Я горжусь своей проницательностью и живостью ума, но это поставило меня в тупик.

— А?

— Бесчисленное множество раз, — продолжал Факварл, — я говорил тебе, что надеюсь, что рано или поздно джинны станут свободными. Такие джинны, как мы с тобой. Мы ведь почему сражаемся друг с другом? Потому что нас друг на друга натравливают наши проклятые хозяева-люди. А почему мы повинуемся им? Потому что выбора у нас нет. Бесчисленное множество раз я думал о том, что эти правила можно преодолеть. И бесчисленное множество раз ты говорил мне, что я ошибаюсь.

— Ну, я это формулировал не совсем так. Я говорил, что ты полный…

— Ты говорил, Бартимеус, что нам не суждено преодолеть две проблемы. Проблему свободы воли и проблему боли. И я снова вижу эту уверенность в твоих прищуренных глазках! Так вот, ты ошибаешься. Взгляни на меня: что ты видишь?

Я поразмыслил.

— Маньяка-убийцу в человеческом облике? Жуткий сплав худшего, что есть в человеке и в джинне? Или — но тут я, конечно, несколько загибаю, — бывшего врага, внезапно решившего смилостивиться и сжалиться надо мной?
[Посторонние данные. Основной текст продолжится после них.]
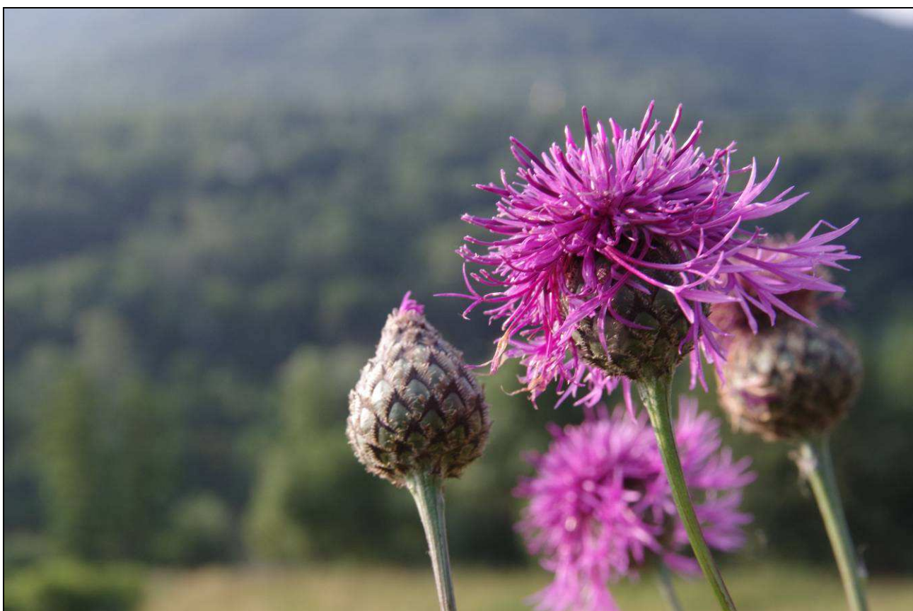
Základem druhové ochrany rostlin je ovšem jejich zachování v přírodě na původních stanovištích – v našem případě na loukách a pastvinách (běžně rostoucí chrpa čekánek Centaurea scabiosa )

— Нет, Бартимеус. Нет. Хорошо, я тебе скажу. Ты видишь джинна, не испытывающего боли. Ты видишь джинна, обладающего свободой воли. Неудивительно, что ты не понимаешь: за пять тысяч лет такого чуда, как я, ещё не бывало!

Он протянул вполне человеческую руку и бережно потрепал перышки у меня на голове.

— Можешь ты себе это представить, несчастное раненое создание? Без боли! Без боли, Бартимеус! Ах, — вздохнул он, — ты себе просто не представляешь, какую ясность рассудка это даёт!

Без боли… В глубине моего усталого, затуманенного сознания внезапно всплыло воспоминание: скелет Глэдстоуна, подпрыгивающий, кривляющийся…

— Я однажды встречался с афритом, — сказал я. — Он тоже говорил что-то в этом духе. Но его сущность была заточена в человеческих костях, и он просто спятил. В конце концов он предпочел уничтожение такой жизни.

Факварл изобразил на лице Хопкинса нечто вроде улыбки.